As a father calls his children to come home, our Heavenly Father will one day call each of us home. We do not want that moment to be one of doubt, anxiety, or fear — and it doesn’t have to be.

The end of a good life is like a parent calling a child home after the child has done his chores and then spent an afternoon playing joyfully in the neighborhood.  One elderly Christian whose friends and loved ones had passed on before him said that he felt that he just got to stay and play a little longer.  But no matter how long we may stay, this life will end for each of us, and the Lord will call us:  “For man goes to his eternal home, And the mourners go about the streets” (Ecclesiastes 12:5).

After death, there’s judgment (Hebrews 9:27).  And that is the thing that can create a lot of anxiety about being called home if we are not prepared.  “For we must all appear before the judgment seat of Christ, that each one may receive the things done in the body, according to what he has done, whether good or bad” (2 Corinthians 5:10).

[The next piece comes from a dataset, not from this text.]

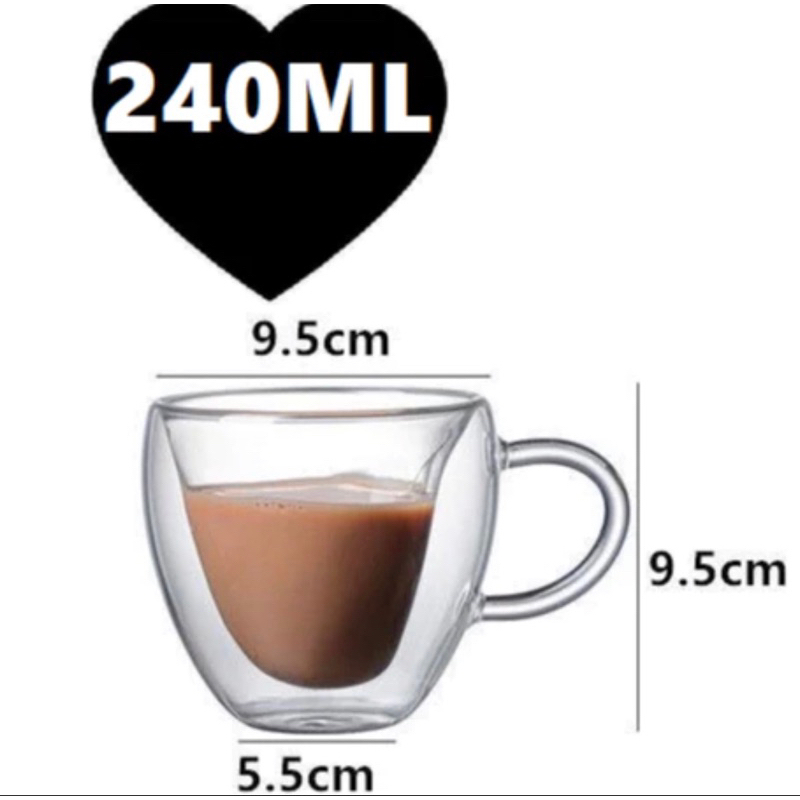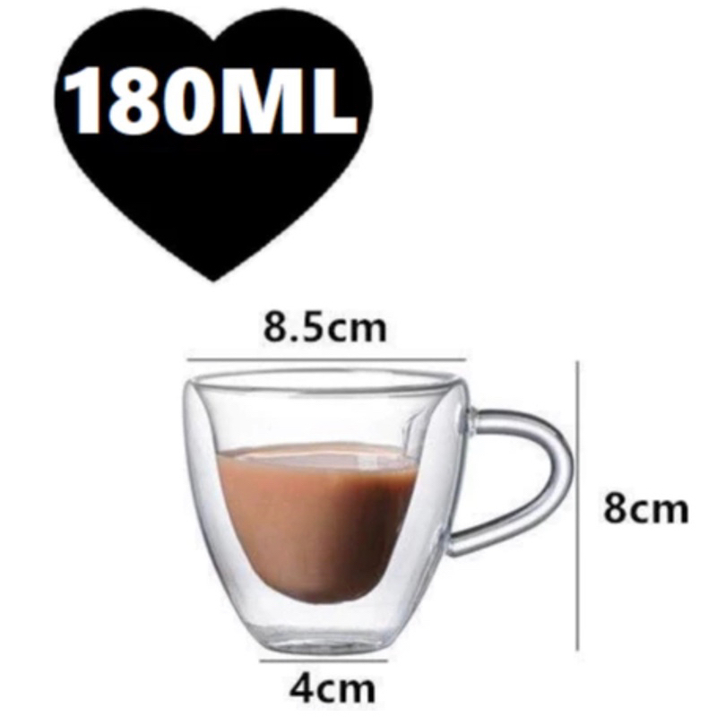 Xicara de Coração Parede Camada Dupla Café Chá Sucos 180mL OU 240mL

Once, when I was in the fourth grade, I was playing with friends down at the end of the block on the street where we lived.  I heard my dad calling in the distance, and, as usual, I immediately started sprinting home.  It wasn’t really time for supper, so I was thinking maybe this time I was in trouble!  Had I forgotten to do something I was supposed to do?  My mind raced faster than my feet.  I ran up the steps of the front porch to find my dad sitting there looking at the newspaper. He’d hurt his back at work recently and was in quite a bit of pain.  He looked up at me and asked me to pick up the rubber band from the newspaper that he’d dropped on the ground.  I was tired from running home.  But I was glad.  Glad to be home.  Glad to do something, even though it was a small thing, to serve my dad.

If we have been happy to serve our heavenly Father here, we will be happy to be called home to serve Him there.  If by His grace we have lived lives of purity and holiness here, we will be truly at home in His presence.  Let us “be diligent to be found by him without spot or blemish, and at peace” when He calls us home (2 Peter 3:14, ESV).  Let us look forward to receiving “the things done in the body” because we’ve done the good things that our Father has asked us to do.